Q2. What was the vision behind PowerMatching City, the smart grid project led by KEMA in Hoogkerk in the Netherlands?

WVP: PowerMatching City was designed to prove that its possible to create a smart grid with a corresponding market model using existing technologies. The project achieved three key objectives: Energy optimisation for the end user, reduction in grid load for the network operator, and a reduction in imbalances for the utility. The system enables consumers to freely exchange electricity and maintains the comfort level that consumers expect. This is the first time in Europe, and insofar as known worldwide, that a live smart grid community is demonstrated at this technological scale. The underlying coordinating mechanism in PowerMatching City was based on the PowerMatcher, a software tool that balances energy demand and energy supply.

Twenty-five homes were connected with each other as part of the trial and equipped with micro-combined heat and power systems, hybrid heat pumps, smart meters, PV panels, electric transport and smart household appliances. These homes collectively constitute a smart energy system. In view of the success, the project will be followed by an expanded trial.

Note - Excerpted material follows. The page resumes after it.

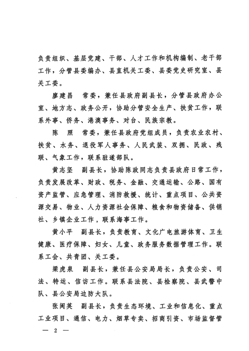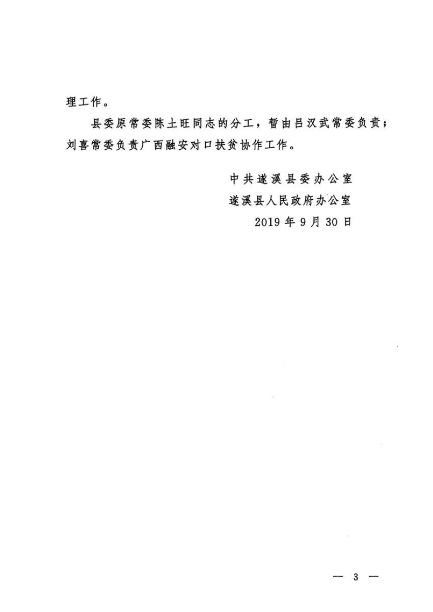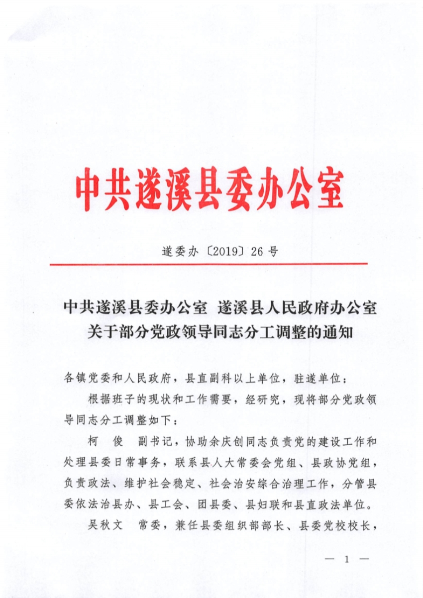 中共遂溪縣委辦公室 遂溪縣人民政府辦公室關(guān)于部分黨政領(lǐng)導(dǎo)同志分工調(diào)整的通知(遂委辦〔2019〕26號)

Q3. What are the key challenges to rolling out smart grid infrastructure in Asia? What is the role of the Singapore "Living Laboratory" for smart grids?

WVP: In Asia, many live in small communities spread over the rural areas in their countries. Many of them are not even connected to the electricity grid. As investing in a high-voltage transmission grid is very costly, one has to think of other solutions. One of the possible solutions is to create small, local grids making use of renewable energy sources (RES) where generation and use are close to each other. However, to create prosperity, electricity has to be available all the time, especially when the sun doesn't shine and the wind doesn't blow. Energy storage and smart grid controls can contribute to a sustainable solution.

Therefore, Singapore's "Living Laboratory" is key in this development because "the proof of the pudding is in the eating" as we say. One has to proof the concept, overcome unexpected problems, debugging systems (interaction), and test under real, live conditions.

Q4. Will we see an Asian super grid in the next 20 years?

WVP: Whether we see an Asian super grid in 2030 depends on several factors: The development of energy consumption, carbon pricing, and cross-border transmission grid connections. Further, renewable energy has to be "load balanced" by natural gas and hydropower, also delivered across borders and with investment price signals delivered through carbon pricing. However, one cannot deny the existence of wind power in Mongolia, hydropower in Central China and solar power in Australia. As we see the development of an ultra-high-voltage direct-current grid in Europe dealing with the same issues, the question asked is, Why couldn't that be realised in Asia? There is one big difference: The distances to bridge in Asia are greater factors than in Europe. But no doubt, while fossil resources are finite and RES is not always "next door", super grids are one of the solutions for a sustainable Asian region.

Q5. How do you envision the development of energy storage technologies and electric vehicles in the future?

WVP: Energy storage infrastructure will be driven by a variety of factors in different markets/regions, and electric vehicles (EVs) represent a tremendous opportunity and challenge simultaneously. EVs are rolling out worldwide--by 2030, the annual plug-in vehicle (PEV/PHEV) market is estimated at 4.5 million to 6 million new PEV sales in the US alone. KEMA is helping utilities prepare their power systems for successful EV integration.

On the one hand, this could be an enormous asset, allowing grid operators or utilities access to a large energy storage resource and helping to balance the system load and compensating for the intermittency of renewables. The challenge is how to handle building the charging infrastructure, and who will pay for or own it? The charging needs of EVs will dramatically change energy usage, resulting in very different load patterns, market pricing, and grid management challenges. Early pilot projects show that EV drivers are very concerned about utilities using their vehicle's power, so there are a host of customer relations issues to address as well. Emerging EV/PHEV technologies also offer power system operators an avenue to shape and facilitate new opportunities for grid integration and regulation, such as ancillary services, demand response, and integration of renewable technologies.